Exercise:
Please restate word for word all lines from the one containing "Choose how the" to the final line of the entries, and include no pictures.

[Data to use Boundary: Start]

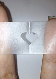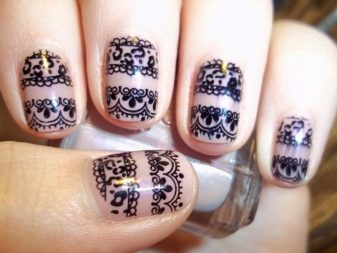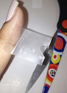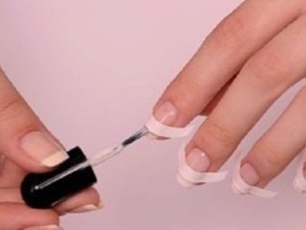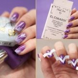 Цртеж се преноси на траку или траку за маскирање оловком од филца. За најситније детаље користите оловку. Изрезати узорке на готовим линијама неће бити тешко. Затим користимо такве домаће шаблоне, попут обичних продавница. Код наношења на нокат посебно ће бити потребно изглађивати шаблон тако да у додиру са површином нема бора или празнина.
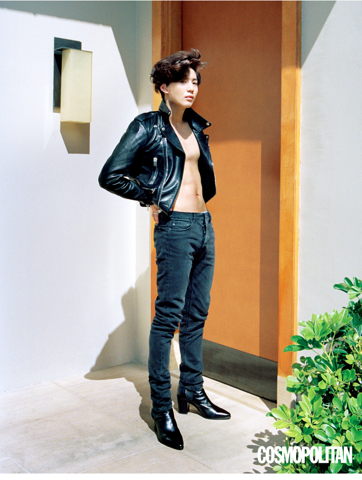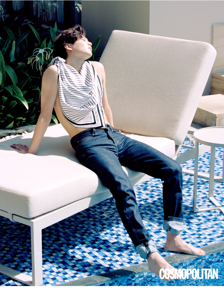 이번 화보 촬영을 위해 이마를 드러내고 데님 룩을 한 모습을 보니 언뜻 젊은 시절의 제임스 딘이 떠올랐다. 최근 데인 드한이 제임스 딘 역할로 영화를 촬영하고 있는데, 아마도 이런 모습이 아닐까? 극 중에서 누군가로 변신해볼 수 있다면 누가 좋을까?
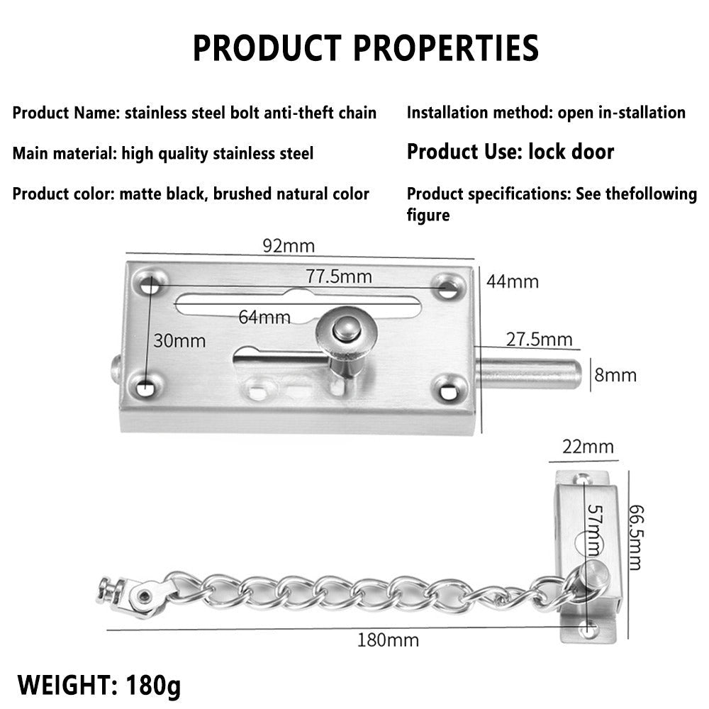 Specifications of Stainless Steel Home Window Door Security Chain Bolt Guard Bolt Lock
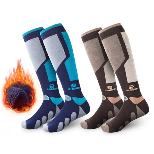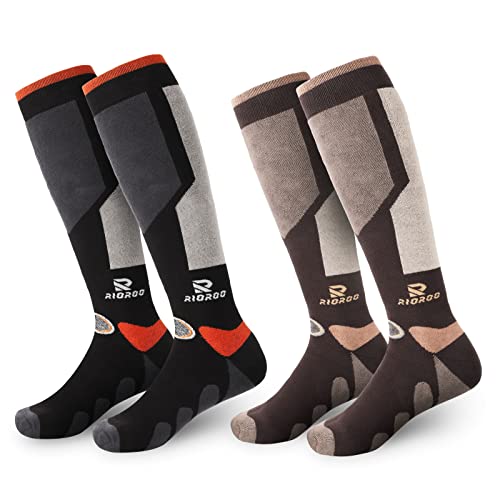 RIOROO Mens Ski Socks, 2 Pairs Mens High Performance Thermal Knee High Winter Socks for Skiing, Sowboard, Hiking, Walking, Trekking, Long and Warm
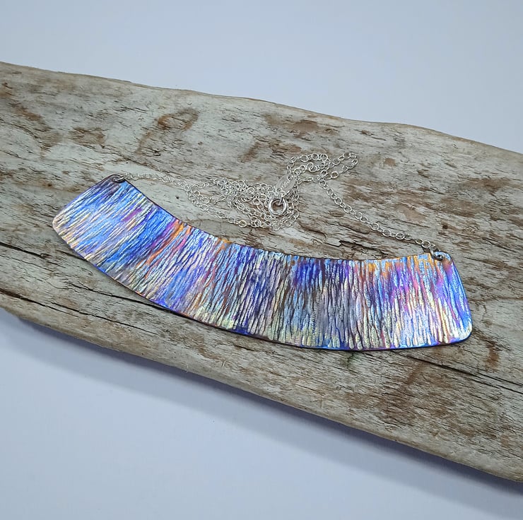 I have made this necklace by hand sawing the shape from titanium sheet and have given the surface an attractive hammered finish before heat colouring. I have then attached sterling silver chain to create the necklace.
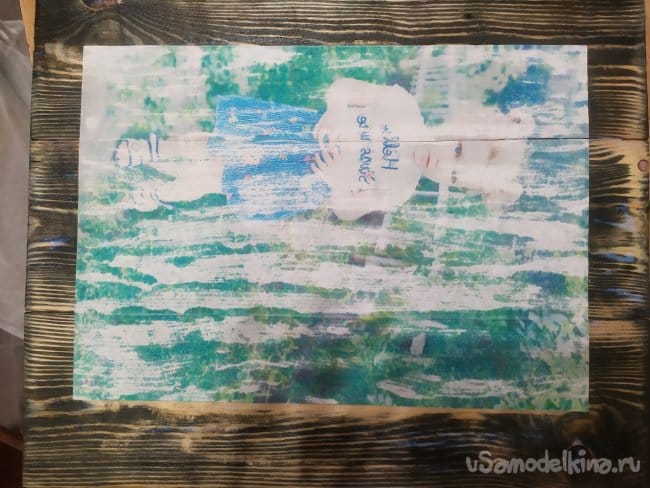 Сразу же, нужно выгнать все пузырьки. Для этого, можно использовать тряпочку. Либо, банковскую карточку. Изображение должно полностью приклеиться к доске. Затем, мажем вторую, и третью часть, полностью повторяя все действия.
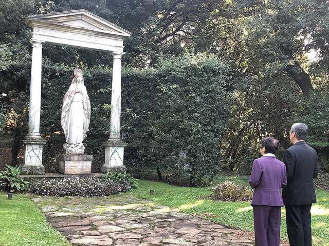 隨後副總統伉儷一行接續前往夏宮花園,並於小聖母像花園誦唸玫瑰經,為世界及台灣人民祈福。接著參訪庇護所等具宗教歷史意義之景點,感念當年二次大戰期間,教宗庇護十二世將夏宮開放作為附近居民避難所的人道精神。
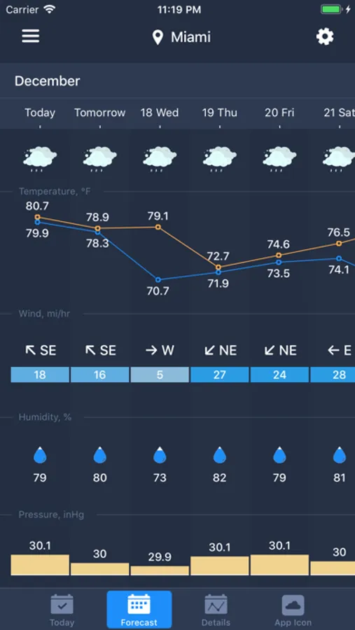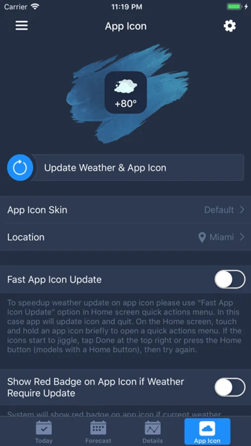 Choose how the weather will look on the app icon. Icon can be dark or light, or may just show temperature. It is your choice.
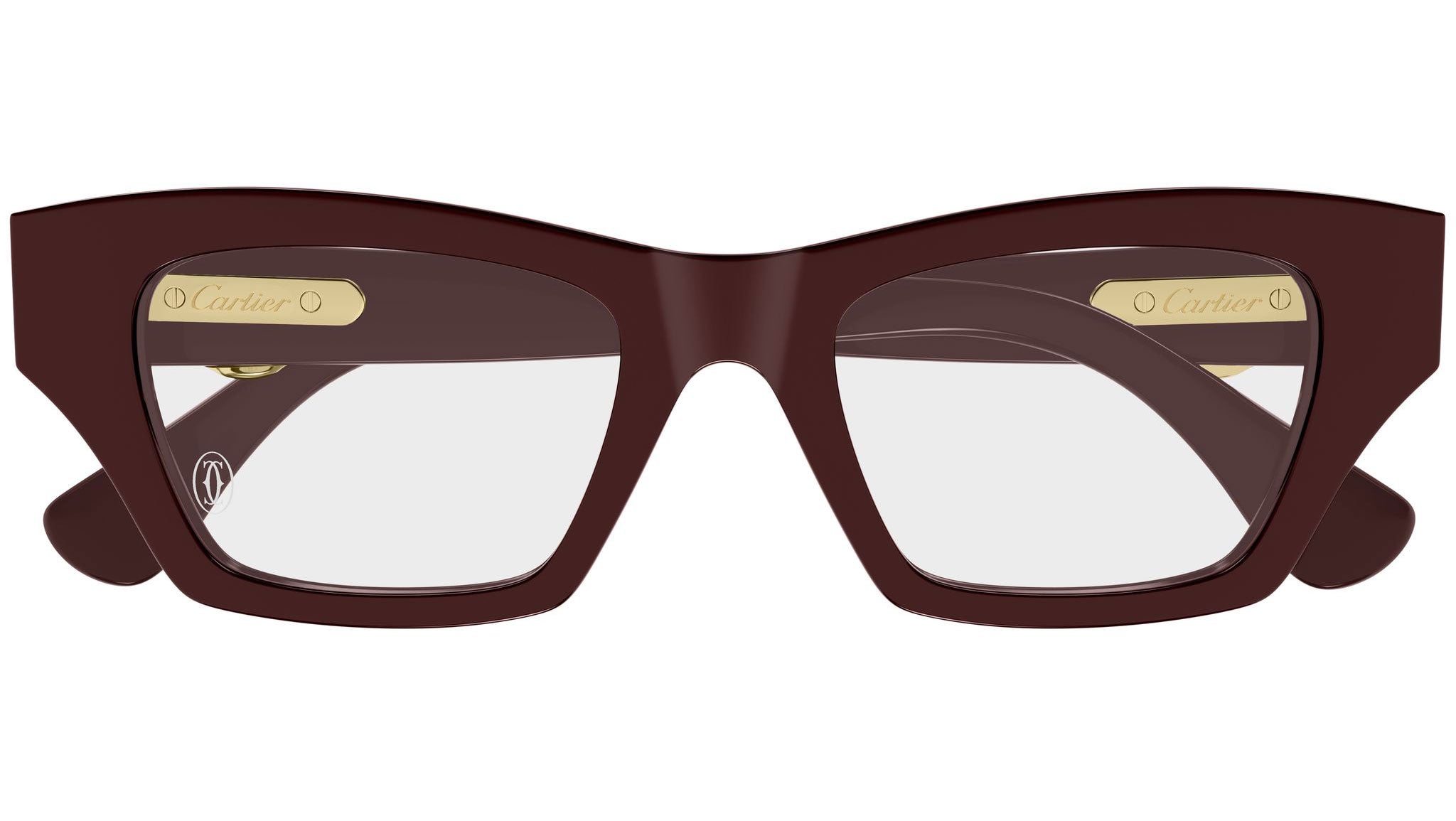 Occhiali da vista Cartier CT0639O 008 donna con montatura cat eye in acetato riciclato color bordeaux e lenti demo. Linea: Contemporary. Codice modello: CT0639O. Codice colore: 008. Made in Italy. Rivenditore autorizzato Cartier online. Gli occhiali vengono consegnati con custodia e accessori originali e sono coperti dalla garanzia ufficiale di 12 mesi del produttore.

[Data to use Boundary: End]

Answer section:
 Choose how the weather will look on the app icon. Icon can be dark or light, or may just show temperature. It is your choice.
 Occhiali da vista Cartier CT0639O 008 donna con montatura cat eye in acetato riciclato color bordeaux e lenti demo. Linea: Contemporary. Codice modello: CT0639O. Codice colore: 008. Made in Italy. Rivenditore autorizzato Cartier online. Gli occhiali vengono consegnati con custodia e accessori originali e sono coperti dalla garanzia ufficiale di 12 mesi del produttore.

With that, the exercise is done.